Note: I'd welcome comments or corrections on this post. Please note, comments are moderated to avoid spam, and so may not appear immediately. If you post a comment and it has not appeared in 24 hr, please email me and I'll ensure it gets posted.
PS. See comment from original PubPeer poster attached.
Also, 8th Dec 2022, I added a further PubPeer comment asking authors to comment on Figure 2B, which does seem odd.
https://pubpeer.com/publications/B693366B2B51D143C713359F151F7B#4
PPS. 10th Dec 2022.
Author Eric Courchesne has responded to several of the points made in this blogpost on Pubpeer: https://pubpeer.com/publications/B693366B2B51D143C713359F151F7B#5
Posts
I'm the anonymous pubpeer.
ReplyDeleteFirst a minor correction: A correct description of the interpretation of the AUROC would be "the probability that, given a random positive and negative case, the classifier would give a higher score to the positive” (where by ‘score’ I mean the output of the classifier and what is used to make the ranking for the curve). Not “the proportion correctly classified”. “How well the classifier is working” would have been fine for a lay audience.

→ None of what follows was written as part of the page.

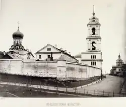 En 1835-1836, l'on construit au-dessus de la Porte Sainte un clocher avec une chapelle dédiée au martyr saint Eugène de Chersonèse, selon les plans de Nikolaï Kozlovski. Au début du XXe siècle, l'on construit un grand bâtiment monastique de deux étages qui accueille une école paroissiale. L'église Saint-Jean-Bouche-d'Or est reconstruite en 1903-1904 par l'architecte Piotr Vinogradov avec une chapelle-réfectoire. Ce même architecte construit en 1904-1906 l'église de l'Icône-de-Kazan-de-la-Mère-de-Dieu avec une nouvelle chapelle-réfectoire. Le monastère accueille à cette époque un orphelinat de filles et une école paroissiale.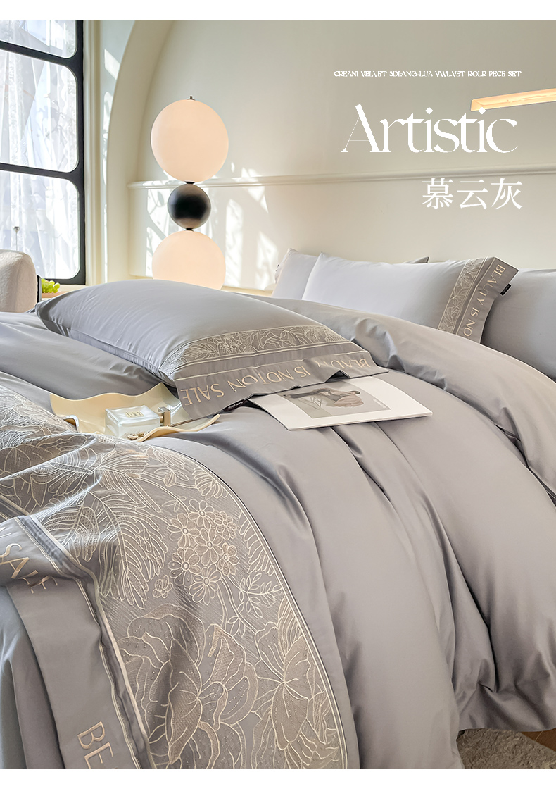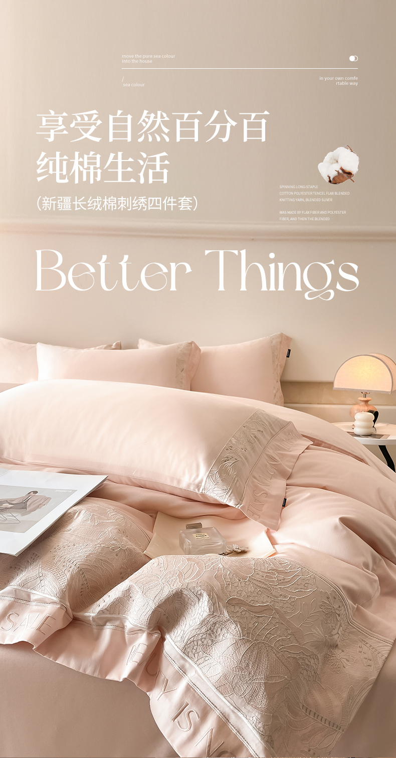 当前位置: 91家纺网 > 商品网购 > 床品套件 > 四件套 > 长绒棉四件套 > 【2024春夏爆款】100支长绒棉四件套全棉纯棉轻奢风重工刺绣纯色床单被套酒店风床上用品 清悦-燕麦奶

A more important correction is that “overfitting” isn’t synonymous with “your data may be noise” (politely or otherwise). Here it means that “the classifier is too specific to the data on hand and might not generalize to new data”. This can happen even when there is a very strong signal in the data at hand. I acknowledge that the term “overfitting” can be used a bit vaguely but “noise” is not directly implied by overfitting.

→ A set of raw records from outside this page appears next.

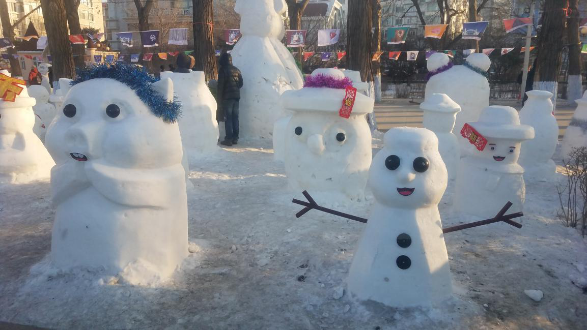 一场大雪过后,街道广场上堆起了形状各异、憨态可掬的雪人,人们出来欣赏雪后的美景,照相留念,给寒冷的腊八节日增添了热闹的景象。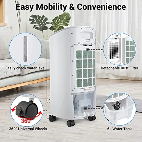 - [Easy Mobility & Convenience]: Equipped with 4 universal swivel casters and 2 side design handle to ensure smooth movement in all directions, you can easily move it to different rooms-whether you’re relaxing in the living room, cooking in the kitchen, or working in your home office, along with a visible front window for checking the water level easily so you can refill it in time; Built-in detachable dust filter effectively keeps dust out to make the fan stay clean.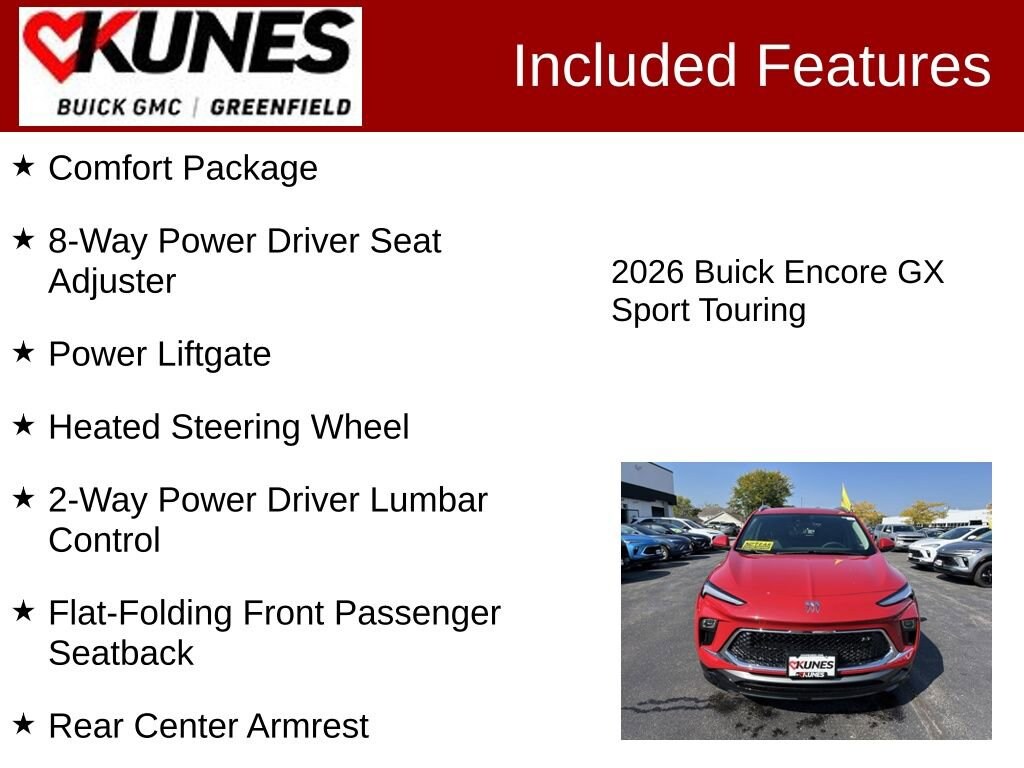 2-Way Power Driver Lumbar Control, 8-Way Power Driver Seat Adjuster, Comfort Package, Flat-Folding Front Passenger Seatback, Heated Driver & Front Passenger Seats, Heated Steering Wheel, Power Liftgate, Rear Center Armrest. Brilliant Red 2026 Buick Encore GX Sport Touring AWD 9-Speed Automatic 26/28 City/Highway MPG ECOTEC 1.3L Turbo

Failure to generalize can still happen even without (blatant) overfitting, but overfitting in the way that the authors did makes a failure to generalize a much greater risk.
I do not doubt that the authors’ classifier works with the stated performance on their data, and they are not just picking up “noise” (at least, that’s a separate issue). The concern is that when this is tried on new data, performance will decrease. As far as I can see, their experimental design does not address this because there is no “new data” that wasn’t used in developing the final classifier.
The performance on the “held out” 65 samples is much worse unless one has the “foresight” to cherry-pick a model that does well. And that’s what the authors did as far as I can tell. This is not up to the standards of the field.
Failure to generalize has been the downfall of many (most?) biomarker searches for brain conditions. Things look great, patents are filed, companies are started, investors come. Where are all those biomarkers now?
We can quibble about the risk of “massive” overfitting vs. “one would expect less good performance in a completely new sample” (“less good” is just a polite way of saying “worse”?).
My point is that the issue could have been avoided (at least provisionally) if the authors had put some of their data in “escrow” to be tested on after all was said and done, and this well-understood best practice. The usual excuse is, “We wouldn’t have enough data if we did it the right way!”. Well, too bad. Science, and the autism community, deserves better.